For each model, we measure the training time using the time
module. We train the model using model.fit(X_train, y_train)
and make predictions on the test set using model.predict(X_test)
. We calculate the accuracy of the predictions using accuracy_score
from scikit-learn.
Finally, we print the grow_policy
setting, the achieved accuracy, and the training time for each model.
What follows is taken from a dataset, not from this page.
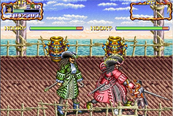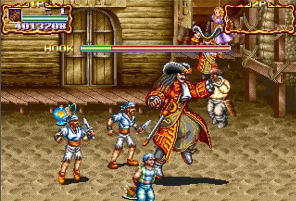 第六关:铁钩船长HOOK:终极BOSS,左手持剑右手铁钩的船长。招数用剑刺人,或者跳到跟前抓住人,然后又钩子捅,还有就是开枪,其实不是很难打,不是因为他强,而是会出现大量各种的帮手,还有第五关的BOSS总是后面的炮台开炮。(最后结局:战败逃跑。一会儿后回来。然而他的铁钩不慎卡在鳄鱼的肚皮里。结果HOOK被鳄鱼吃掉)
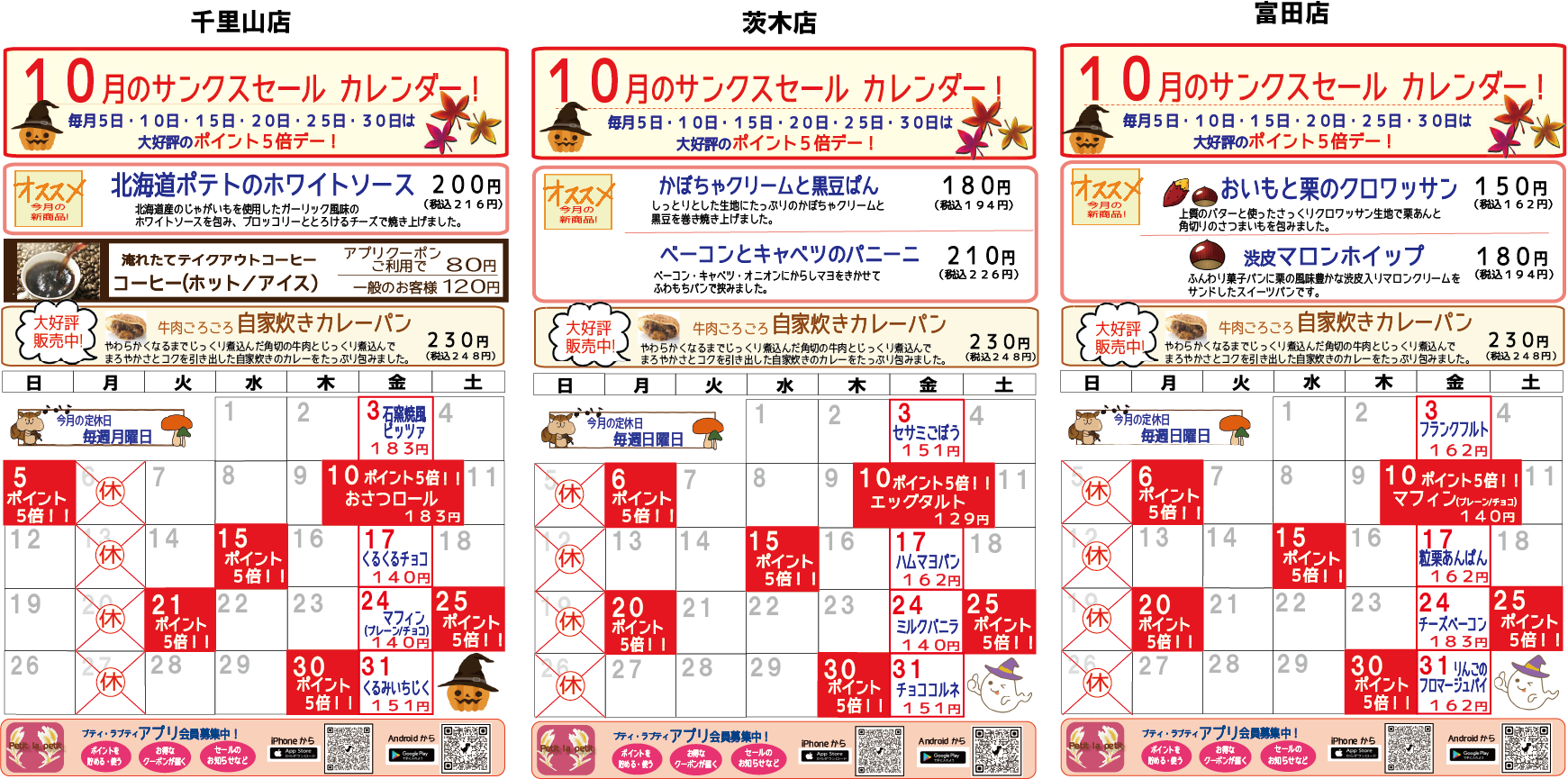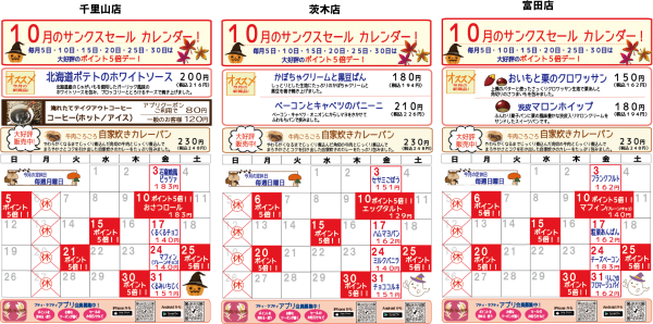 毎月5日、10日、15日、20日、25日、30日はポイント5倍セールです。毎週金曜日は、人気のパンがお買い得です。

By comparing the results, you can assess the impact of the grow_policy
setting on the model’s performance and training time. In this example, the 'lossguide'
policy achieved a slightly higher accuracy but took marginally longer to train compared to the 'depthwise'
policy.
Keep in mind that the optimal grow_policy
setting may depend on your specific dataset and problem. It’s recommended to experiment with both settings and evaluate their performance on your particular use case.